WHAT THE EXERCISE ASKS: In the entries below, find the line with "- カラフルな凧を盤面に紙のリースがある状態でタップすると華やかな凧になる", then set it down exactly along with each line after it to the end, skipping any pictures.

TASK DATA Start Marker

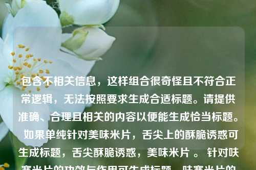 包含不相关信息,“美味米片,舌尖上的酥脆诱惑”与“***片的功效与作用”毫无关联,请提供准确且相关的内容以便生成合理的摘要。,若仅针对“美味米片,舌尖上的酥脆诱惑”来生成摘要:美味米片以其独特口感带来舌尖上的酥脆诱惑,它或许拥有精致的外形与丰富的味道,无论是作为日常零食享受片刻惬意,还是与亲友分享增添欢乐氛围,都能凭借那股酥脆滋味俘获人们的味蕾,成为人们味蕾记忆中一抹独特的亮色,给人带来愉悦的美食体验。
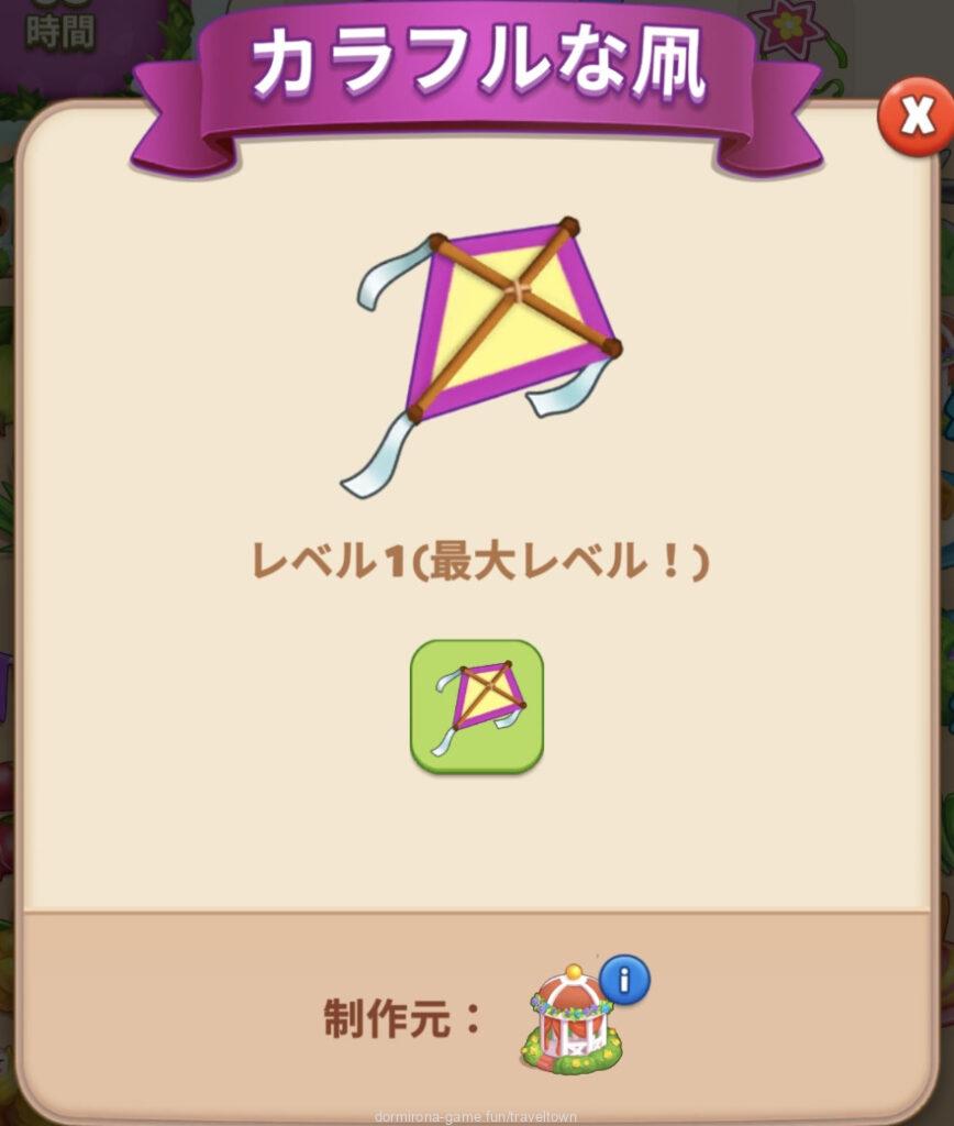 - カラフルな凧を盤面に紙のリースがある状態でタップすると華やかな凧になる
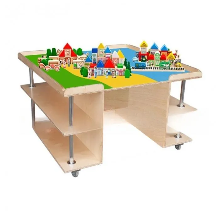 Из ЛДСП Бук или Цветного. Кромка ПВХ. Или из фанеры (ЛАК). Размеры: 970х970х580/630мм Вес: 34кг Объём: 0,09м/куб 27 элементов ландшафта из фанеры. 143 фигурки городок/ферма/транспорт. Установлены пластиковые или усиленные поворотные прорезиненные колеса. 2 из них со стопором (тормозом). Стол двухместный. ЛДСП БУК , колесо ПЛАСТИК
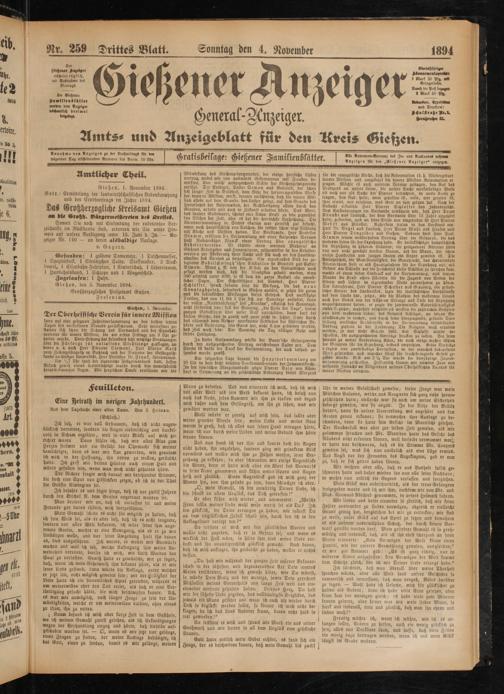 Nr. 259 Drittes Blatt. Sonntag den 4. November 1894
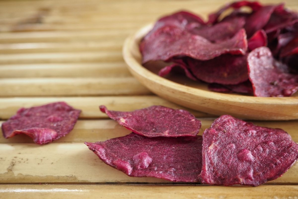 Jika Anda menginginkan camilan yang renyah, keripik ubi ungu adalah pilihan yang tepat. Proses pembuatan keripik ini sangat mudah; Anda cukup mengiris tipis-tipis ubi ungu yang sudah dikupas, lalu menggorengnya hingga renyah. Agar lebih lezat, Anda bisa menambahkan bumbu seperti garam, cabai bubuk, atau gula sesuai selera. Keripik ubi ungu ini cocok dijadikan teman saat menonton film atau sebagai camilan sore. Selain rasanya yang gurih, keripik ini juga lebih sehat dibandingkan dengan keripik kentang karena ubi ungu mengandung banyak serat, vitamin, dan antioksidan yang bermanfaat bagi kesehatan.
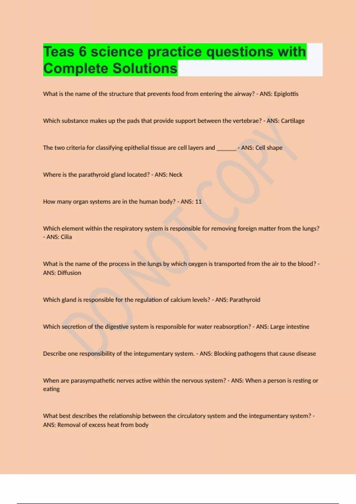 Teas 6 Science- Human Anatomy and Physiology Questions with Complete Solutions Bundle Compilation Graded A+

TASK DATA End Marker

EXERCISE OUTPUT:
 - カラフルな凧を盤面に紙のリースがある状態でタップすると華やかな凧になる
 Из ЛДСП Бук или Цветного. Кромка ПВХ. Или из фанеры (ЛАК). Размеры: 970х970х580/630мм Вес: 34кг Объём: 0,09м/куб 27 элементов ландшафта из фанеры. 143 фигурки городок/ферма/транспорт. Установлены пластиковые или усиленные поворотные прорезиненные колеса. 2 из них со стопором (тормозом). Стол двухместный. ЛДСП БУК , колесо ПЛАСТИК
 Nr. 259 Drittes Blatt. Sonntag den 4. November 1894
 Jika Anda menginginkan camilan yang renyah, keripik ubi ungu adalah pilihan yang tepat. Proses pembuatan keripik ini sangat mudah; Anda cukup mengiris tipis-tipis ubi ungu yang sudah dikupas, lalu menggorengnya hingga renyah. Agar lebih lezat, Anda bisa menambahkan bumbu seperti garam, cabai bubuk, atau gula sesuai selera. Keripik ubi ungu ini cocok dijadikan teman saat menonton film atau sebagai camilan sore. Selain rasanya yang gurih, keripik ini juga lebih sehat dibandingkan dengan keripik kentang karena ubi ungu mengandung banyak serat, vitamin, dan antioksidan yang bermanfaat bagi kesehatan.
 Teas 6 Science- Human Anatomy and Physiology Questions with Complete Solutions Bundle Compilation Graded A+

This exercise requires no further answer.